== What you will do ==
In the listing, locate the line containing "Udmundingen af Haderslev", then quote it and all following lines exactly. Omit pictures.

##########

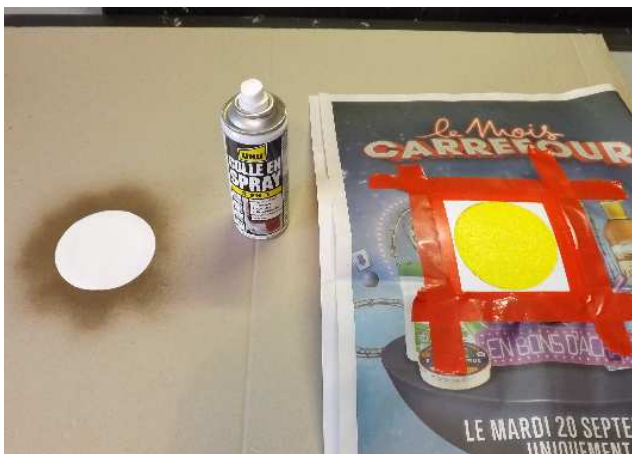
Après avoir enlevé le film de protection de la cocarde, pulvérisez légèrement celle-ci ainsi que son futur emplacement sur l'EPP.
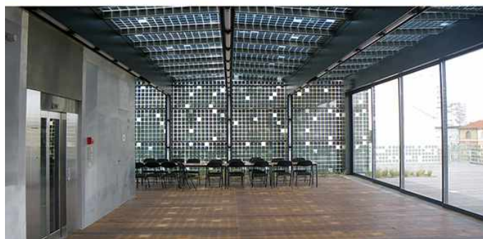
Ancienne sous-station de la compagnie parisienne de distribution électrique Emmanuel Saadi architecte

Les services territoriaux de l'architecture et du patrimoine (STAP) relèvent du ministère de la culture et sont chargés de promouvoir une architecture et un urbanisme de qualité, s'intégrant harmonieusement dans le milieu environnant. Unités territoriales de la direction régionale des affaires culturelles (DRAC) du Centre, les STAP sont implantés dans chaque département. Ils assurent le relais de l'ensemble des politiques relatives au patrimoine et à la promotion de la qualité architecturale, urbaine et paysagère du cadre de vie dans une perspective d'aménagement durable des territoires.
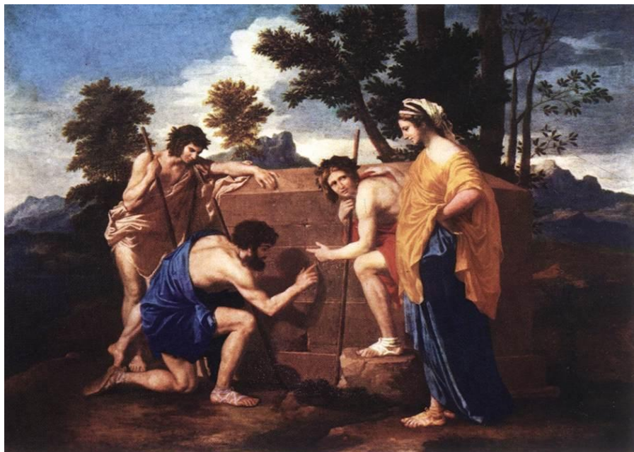
ПАСТУХИ АРКАДИИ НИКОЛЯ ПУССЕН
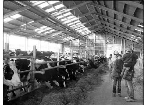
20 Jahre Großröhrsdorfer Agrargenossenschaft eG
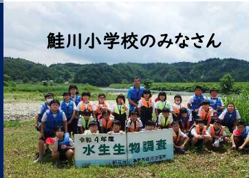
鮭川小学校のみなさん

川の中には思った以上に沢山の種類の虫がいて、みんな驚いているようでした!調査の結果、どちらの川も「きれいな水」という事がわかりました。ご協力ありがとうございました。
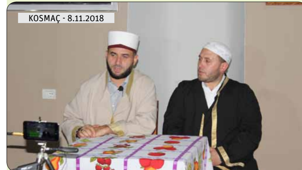
KOSMAÇ - 8.11.2018
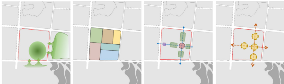
图 1：园区肌理分析图

基于“文脉延续的意蕴性”拥有丰富阅历的“文脉延续中心”，作为首批国家历史文化名城，遵义市城市空间本身就承载着丰富的红色文化，将遵义市城市文脉意向融入校园空间设计，赋予校园空间历史感，以“生命延续”、“医养服务”为校园宗旨，通过每一处设计诠释对文脉的敬畏与延续，提炼出“文化、积累、延续”三个主题词，展现项目的内涵与魅力。
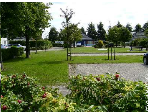
campo di bocce
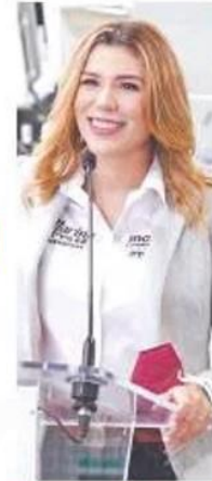
• Marina del Pilar Ávila Olmeda.

● La aspirante a Gobernadora de Baja California por la alianza 'Juntos Hacemos Historia en BC' planteó acciones para 'un verdadero desarrollo social' por medio de la inversión y el empleo. 02
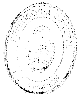
STELLA MARIS MARTÍNEZ DEFENSORA GENERAL DE LA NACIÓN

Protocolícese, mágase saber y oportunamente archívese.
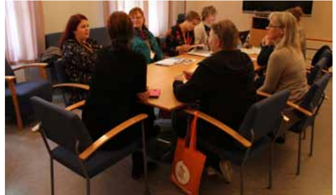
Lokaali käynnistettiin työpajapäivällä.

Yleisöä oli kaikissa tapahtumissa kiitettävästi paikalla ja tietoisuus järjestöjen tarjoamasta toiminnasta ja palveluista lisääntyi. Järjestöt ovat jo kaista varten: #muavarten.
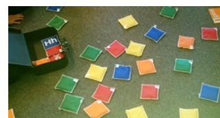
Trulles Latjolajbanlåda med ljudpåsar

På en lektion sitter eleverna i en ring och läraren säger att idag ska vi lära oss två saker. Eleverna får först öva på Trullesången och därefter övar de bokstavsljuden. I Latjolajbanlådan ligger “Ljudpåsar” som har en bokstav på undersidan och som läggs ut på golvet. Eleverna får i tur och ordning vända på påsarna. Alla eleverna ljudar den uppvända bokstaven och den som vänt påsen får säga ett ord där ljudet ingår. Några elever ber en annan elev om hjälp.
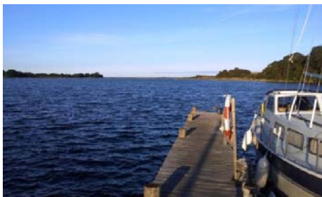
Udmundingen af Haderslev Fjord set fra Stevelt Bådebro

Den 8/9 var vi en flok interesserede, der fik et oplæg i Øsby Kirke, hvorefter vi vandrede en del af ruten fra Bibelcampingpladsen ved Jørlbjerg til Stevelt Bådebro - en fantastisk tur lige i vandkanten. Det bliver storslået, hvis turen med tiden også kan føre til Vilstrupegnen via Årø Sund og Bankel.
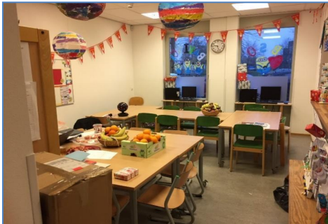
BSO ruimte bij de keuken
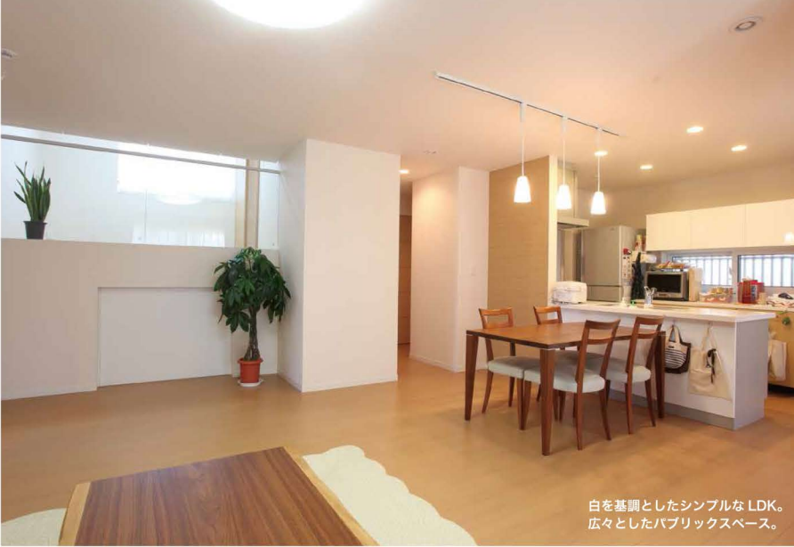
白を基調としたシンプルなLDK。 広々としたパブリックスペース。

##########

== Answer to this problem ==
Udmundingen af Haderslev Fjord set fra Stevelt Bådebro

Den 8/9 var vi en flok interesserede, der fik et oplæg i Øsby Kirke, hvorefter vi vandrede en del af ruten fra Bibelcampingpladsen ved Jørlbjerg til Stevelt Bådebro - en fantastisk tur lige i vandkanten. Det bliver storslået, hvis turen med tiden også kan føre til Vilstrupegnen via Årø Sund og Bankel.
BSO ruimte bij de keuken
白を基調としたシンプルなLDK。 広々としたパブリックスペース。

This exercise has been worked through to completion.